He does have to contend with the dynamic climate which is often “too wet, too humid, too cold, or too hot, depending on the season.”  It is an ongoing process to figure out which grape varietals will work best over the long term. Cullari especially enjoys making dry reds using traditional European methods — those are the wines he loves to drink.

“I think a strength of our winery is my experience as a wine drinker, and my ability to predict what our customers will like,” he says. “We actually started off making mostly dry wines, but in Pennsylvania, most of my customers like sweet or semi-sweet wines. I learned very quickly that if I was going to survive as a business, I would need to adapt to their tastes. Now we have over 35 different wines, each of which is unique and really covers almost everyone’s taste preferences.”

Gabriel Rubilar, Argentina, Paradocx Vineyard

Argentinian, Gabriel Rubilar, made wine in his home country and in California before arriving at Paradocx Vineyard in Chester County.

“Pennsylvania was a new world for me,” he recalls. “I felt that there were more opportunities here to discover new terroir and set standards. I am passionate about the diversity and the honesty a wine can share with every sip, the story behind each bottle.”

He is a true believer in creating wines that showcase the region’s “unique” strengths — Pennsylvania has “its own personality and characteristics that will add to our wines a different profile, and wines should not be intended to emulate other regions.”

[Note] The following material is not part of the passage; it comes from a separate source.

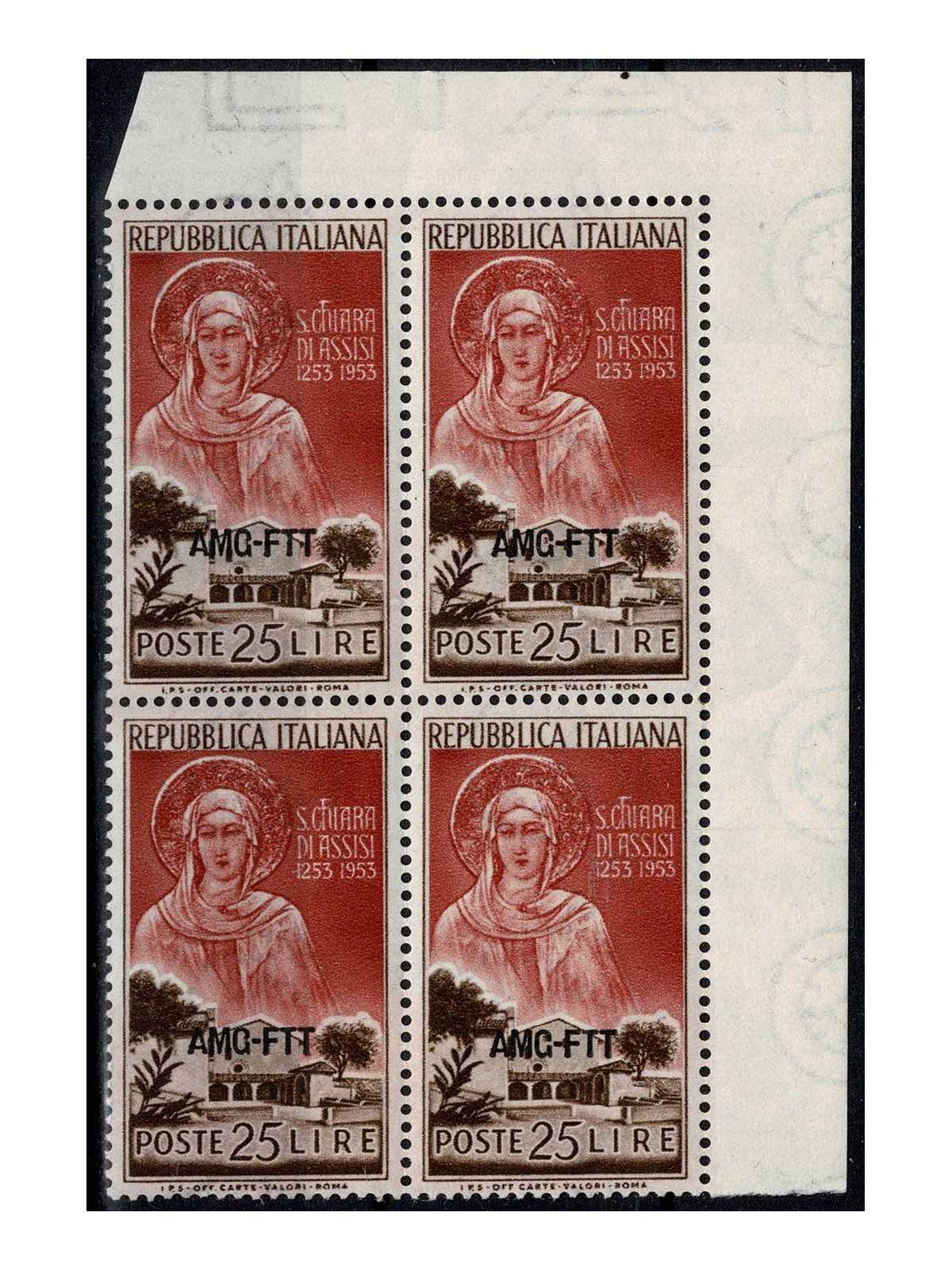 1953 TRIESTE A AMG-FTT 7° CENT. SANTA CHIARA D'ASSISI 1 V. QUARTINA MNH MF96606
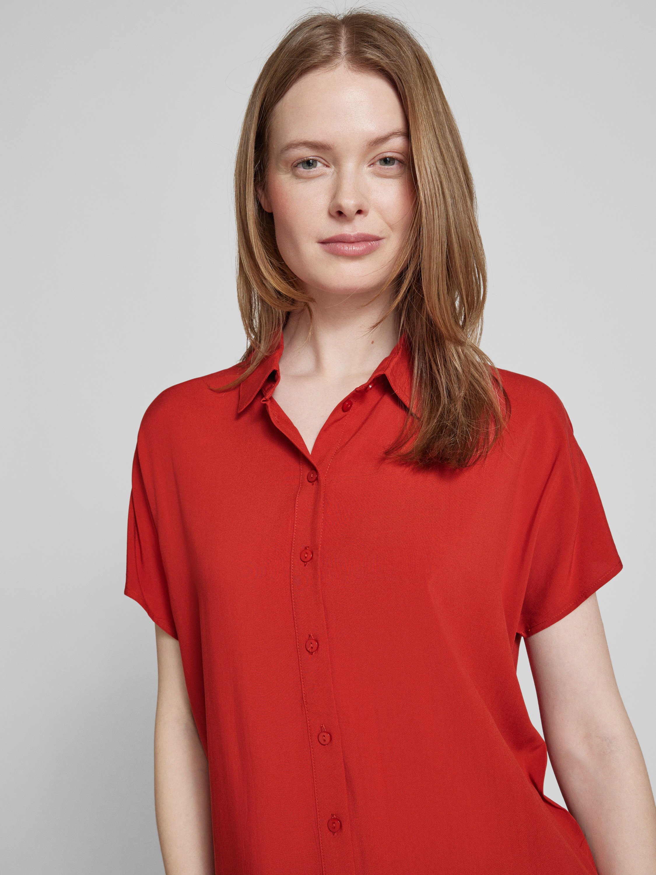 Regular fit overhemdblouse met kapmouwen in donkerrood

Paradocx Vineyard is owned and operated by the Hoffman and Harris Families (the name is a play on words: the four principals are practicing physicians — “Pair of Docs”). With more than  100 acres of land, the staff grows 14 different varietals, including Chardonnay, Cabernet Sauvignon, Petite Verdot, and Chambourcin.

Rubilar has a couple favorites, including Viva La Rosa, a dry rosé, and Leverage Reserve, a blend of Cabernet Sauvignon, Merlot, and Petite Verdot, aged in French and American oak barrels for 13 months.

Davide Creato, Italy, Penns Wood Winery

“I became interested in winemaking as a child,” recalls Davide Creato. “My father and I planted a vineyard at our property in Abruzzo [Italy]. He and I started making wine together and my passion grew from there.”

Creato was working for a winery in his home region of Abruzzo when he met Gino Razzi, the owner of Penns Wood Winery in Chadds Ford. He initially planned to spend a year in Pennsylvania, expanding his knowledge of wine and viticulture, but life intervened: He met his wife and decided to stay.

The vineyard specializes in Chardonnay, Viognier, and Sauvignon Blanc; and when it comes to reds, the top varietals are Cabernet Franc and Merlot.

“Cabernet Sauvignon and Pinot Noir are harder to grow and take care of, but yield extraordinary fruit,” he adds. “We have different programs, from ready-to-drink wines that are available just a few weeks after harvest to others that wait up to three years before being released. People seek out our wines because we have become known for producing ultra-premium wines from estate-grown grapes. We are a small team of incredibly hard working people that put forth a lot of effort, time, knowledge, and love that brings high-quality value to every single glass.”


Joe Maxian, Slovakia, Sand Castle Winery

When Joe Maxian was growing up in Bratislava, Slovakia, he was surrounded by wine. His home region hosted vineyards since well before the Roman era, his father was an amateur winemaker, and his uncle owned a winery and restaurant. But when a cousin in Bucks County invited him to Pennsylvania, he leapt at the chance to forge a new path.

“European wineries have been in existence for centuries and have a proven record of growing the varietals, harvest and wine making,” he says. “On the East Coast of the U.S., we are writing our own history for the future generations.”

Maxian landed at Sand Castle Winery in Tinicum Township. The vineyard is perched on a hilltop overlooking the Delaware River, an ideal spot with rocky soil and high moisture. He finds the dynamic Pennsylvania climate to be both a challenge and an opportunity.

“[The state] has a quite variable geology and temperature span, so it offers ideal conditions for many varietals of grapes,” he explains. “We can grow cold climate grapes like Riesling and warmer climate grapes like Cabernet Franc or Sauvignon.”

“High mineral complexity of our grapes allows the wines to be aged for several years in our underground wine cellar before bottling,” he continues. “This results in soft taste with a powerful finish in whites as well as reds.”